Record extracts section start

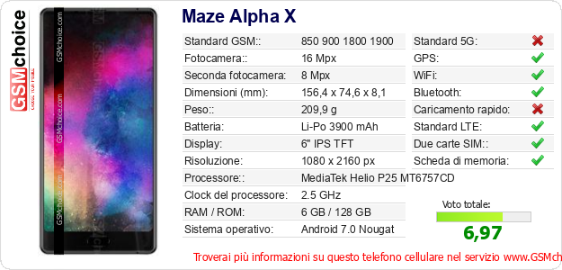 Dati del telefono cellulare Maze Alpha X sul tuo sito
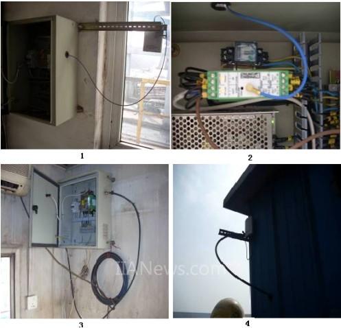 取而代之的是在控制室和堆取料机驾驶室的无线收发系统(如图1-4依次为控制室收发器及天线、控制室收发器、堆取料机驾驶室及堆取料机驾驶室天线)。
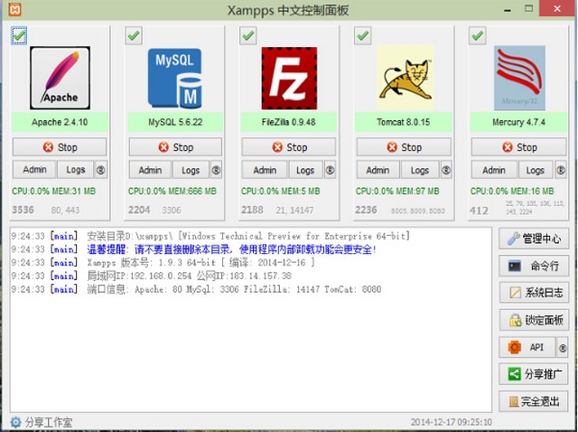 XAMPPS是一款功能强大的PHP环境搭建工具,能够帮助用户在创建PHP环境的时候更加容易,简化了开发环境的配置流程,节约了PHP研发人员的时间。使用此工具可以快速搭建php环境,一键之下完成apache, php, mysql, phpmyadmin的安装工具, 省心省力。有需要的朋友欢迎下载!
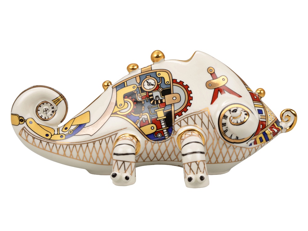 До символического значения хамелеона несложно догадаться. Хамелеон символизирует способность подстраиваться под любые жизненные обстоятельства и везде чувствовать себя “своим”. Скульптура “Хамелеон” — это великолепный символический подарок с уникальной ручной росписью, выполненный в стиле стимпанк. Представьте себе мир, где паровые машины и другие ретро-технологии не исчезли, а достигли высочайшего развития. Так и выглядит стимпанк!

Record extracts section end
Record extracts section start

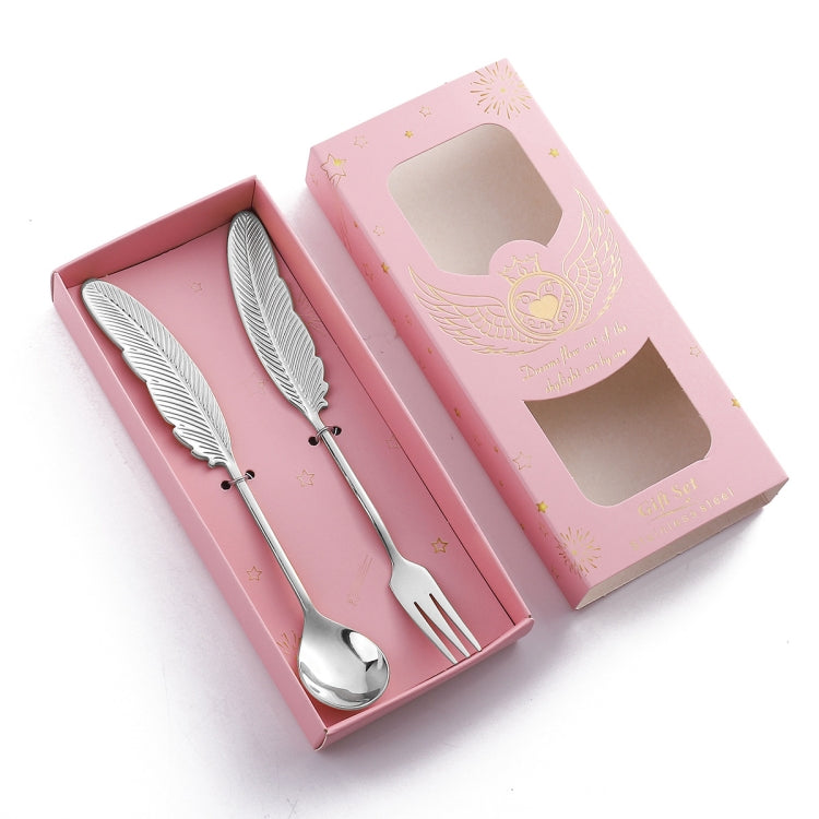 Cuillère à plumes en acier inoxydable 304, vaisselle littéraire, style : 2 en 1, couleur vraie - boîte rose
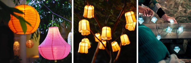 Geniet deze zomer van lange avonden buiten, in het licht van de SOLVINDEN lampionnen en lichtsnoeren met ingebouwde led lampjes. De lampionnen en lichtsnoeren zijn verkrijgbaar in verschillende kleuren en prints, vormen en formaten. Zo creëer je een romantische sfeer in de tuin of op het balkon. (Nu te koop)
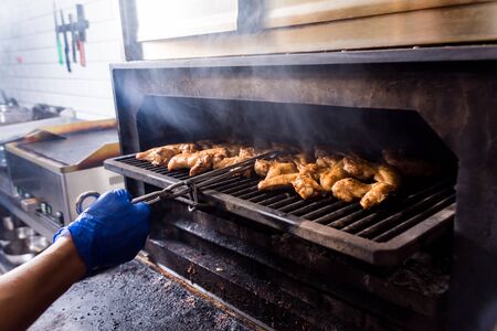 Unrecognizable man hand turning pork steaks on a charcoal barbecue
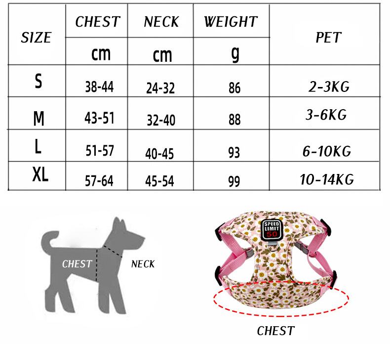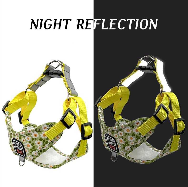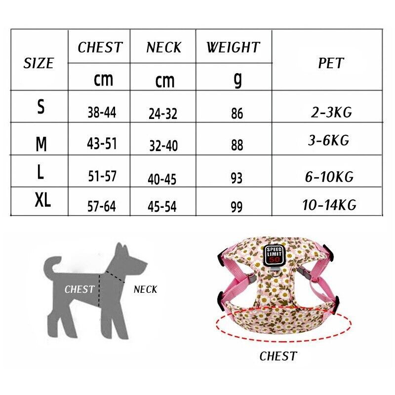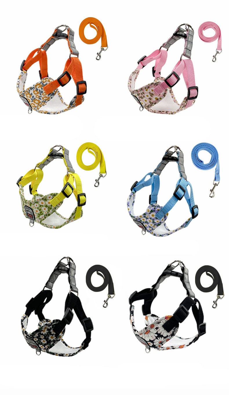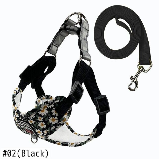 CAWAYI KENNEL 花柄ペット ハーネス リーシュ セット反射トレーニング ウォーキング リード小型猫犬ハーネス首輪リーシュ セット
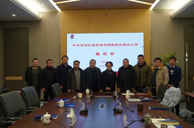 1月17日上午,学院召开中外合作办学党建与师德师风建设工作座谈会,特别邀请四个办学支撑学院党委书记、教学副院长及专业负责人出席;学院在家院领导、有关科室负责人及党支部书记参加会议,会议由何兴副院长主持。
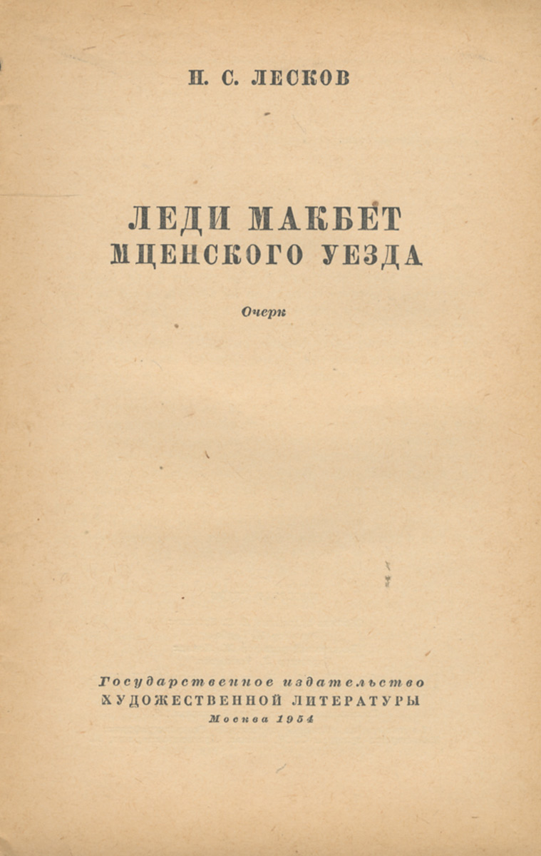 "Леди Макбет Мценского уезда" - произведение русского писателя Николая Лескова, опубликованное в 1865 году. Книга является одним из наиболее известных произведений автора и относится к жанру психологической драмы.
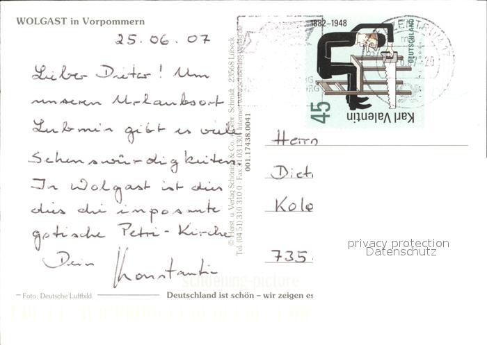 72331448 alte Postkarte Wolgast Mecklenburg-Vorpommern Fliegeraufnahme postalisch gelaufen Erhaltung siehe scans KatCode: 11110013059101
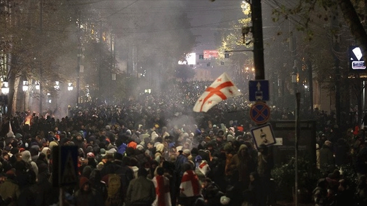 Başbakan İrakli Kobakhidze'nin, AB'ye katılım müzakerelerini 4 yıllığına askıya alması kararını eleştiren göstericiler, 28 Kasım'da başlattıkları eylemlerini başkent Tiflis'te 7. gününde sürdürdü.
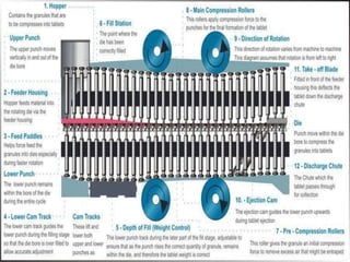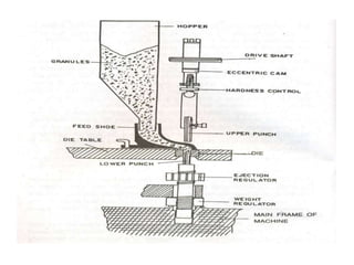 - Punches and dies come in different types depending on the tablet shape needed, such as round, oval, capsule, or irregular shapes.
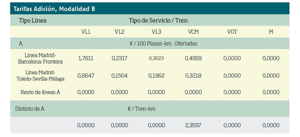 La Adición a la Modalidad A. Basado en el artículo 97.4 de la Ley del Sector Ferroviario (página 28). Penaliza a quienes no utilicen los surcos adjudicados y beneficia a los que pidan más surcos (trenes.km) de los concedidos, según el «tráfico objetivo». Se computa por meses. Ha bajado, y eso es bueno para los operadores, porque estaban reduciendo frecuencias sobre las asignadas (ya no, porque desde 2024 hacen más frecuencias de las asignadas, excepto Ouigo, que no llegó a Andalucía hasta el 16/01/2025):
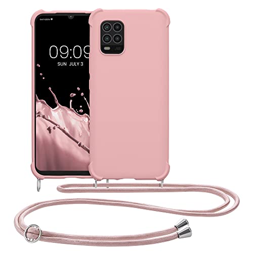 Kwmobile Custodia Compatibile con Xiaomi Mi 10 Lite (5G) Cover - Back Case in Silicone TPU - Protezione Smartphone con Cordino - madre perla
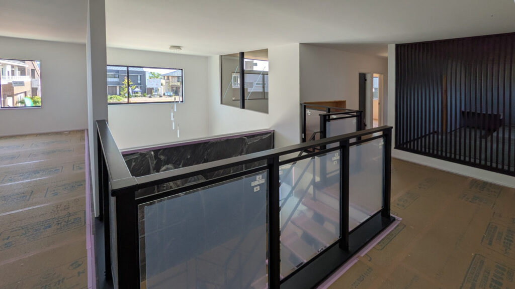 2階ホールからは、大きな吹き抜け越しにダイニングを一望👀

Record extracts section end
Record extracts section start

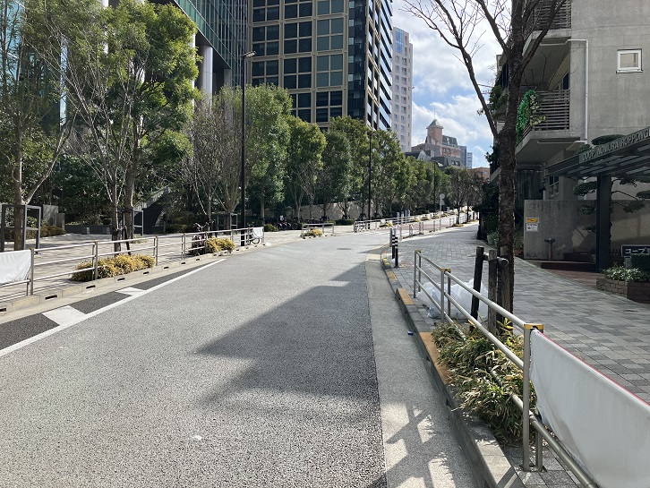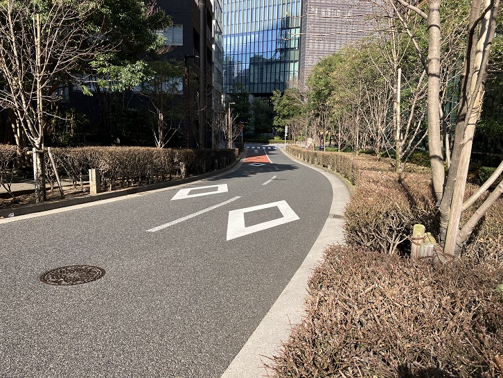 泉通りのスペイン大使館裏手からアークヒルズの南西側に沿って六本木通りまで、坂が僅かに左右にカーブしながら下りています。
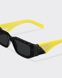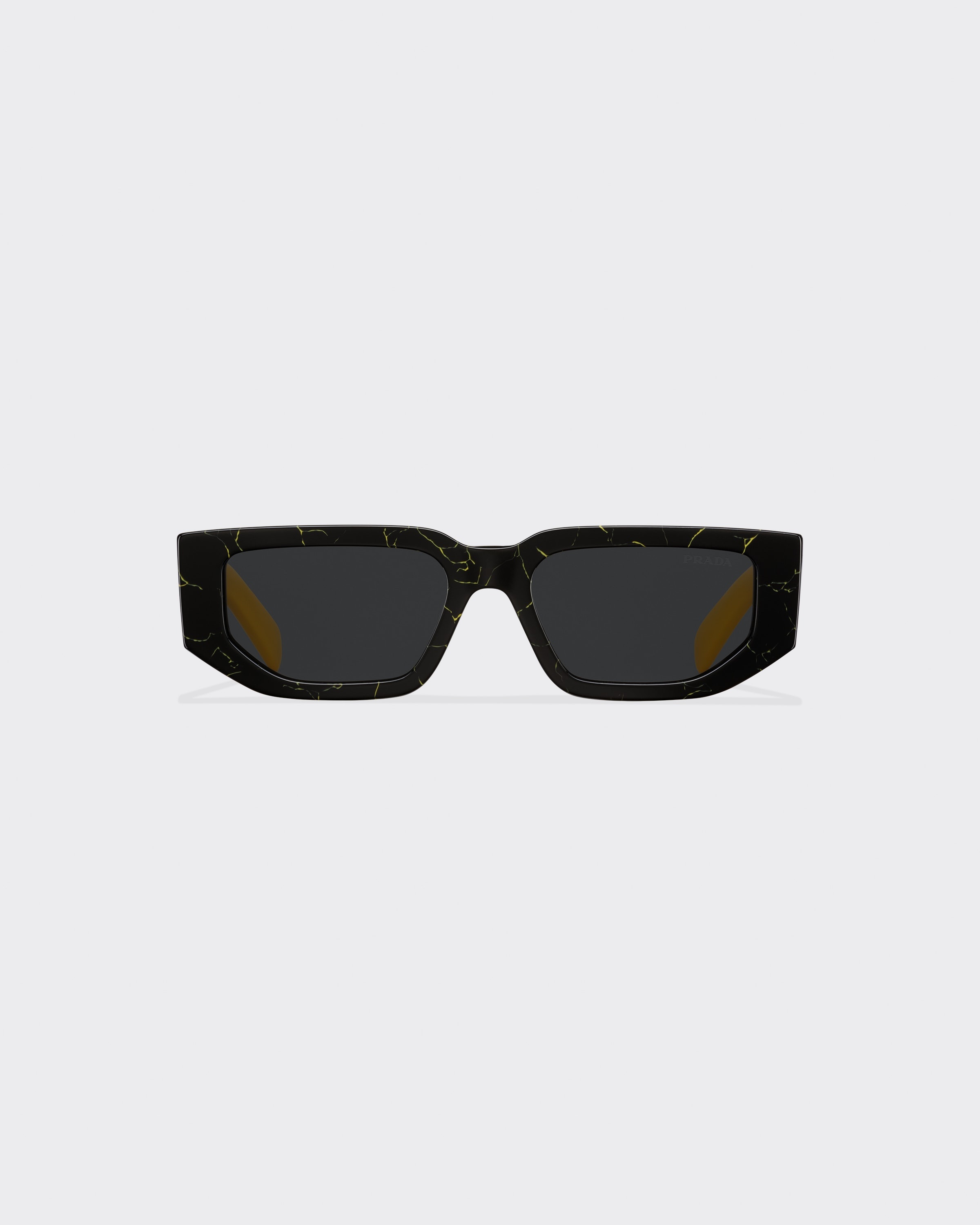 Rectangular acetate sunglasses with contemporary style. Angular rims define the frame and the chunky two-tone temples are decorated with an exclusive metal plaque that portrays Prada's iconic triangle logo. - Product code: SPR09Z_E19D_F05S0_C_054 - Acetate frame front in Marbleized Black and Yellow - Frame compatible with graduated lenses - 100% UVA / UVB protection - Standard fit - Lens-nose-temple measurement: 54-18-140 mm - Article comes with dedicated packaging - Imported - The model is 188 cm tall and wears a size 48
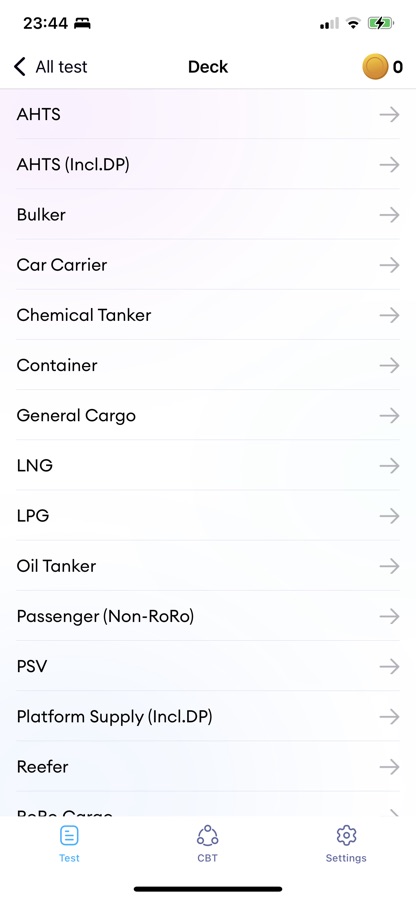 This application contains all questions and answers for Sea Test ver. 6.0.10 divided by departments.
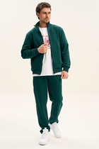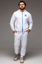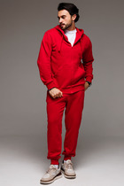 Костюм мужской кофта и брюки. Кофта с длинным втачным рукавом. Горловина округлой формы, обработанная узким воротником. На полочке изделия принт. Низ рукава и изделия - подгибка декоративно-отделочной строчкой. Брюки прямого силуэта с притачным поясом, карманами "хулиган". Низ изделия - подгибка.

Record extracts section end

*The problem*
Your output should be the lines above from the one that contains "Kwmobile Custodia Compatibile" through the one that contains "2階ホールからは、大きな吹き抜け越しにダイニングを一望👀", word for word, with pictures left out.

*Response to this exercise*
 Kwmobile Custodia Compatibile con Xiaomi Mi 10 Lite (5G) Cover - Back Case in Silicone TPU - Protezione Smartphone con Cordino - madre perla
 2階ホールからは、大きな吹き抜け越しにダイニングを一望👀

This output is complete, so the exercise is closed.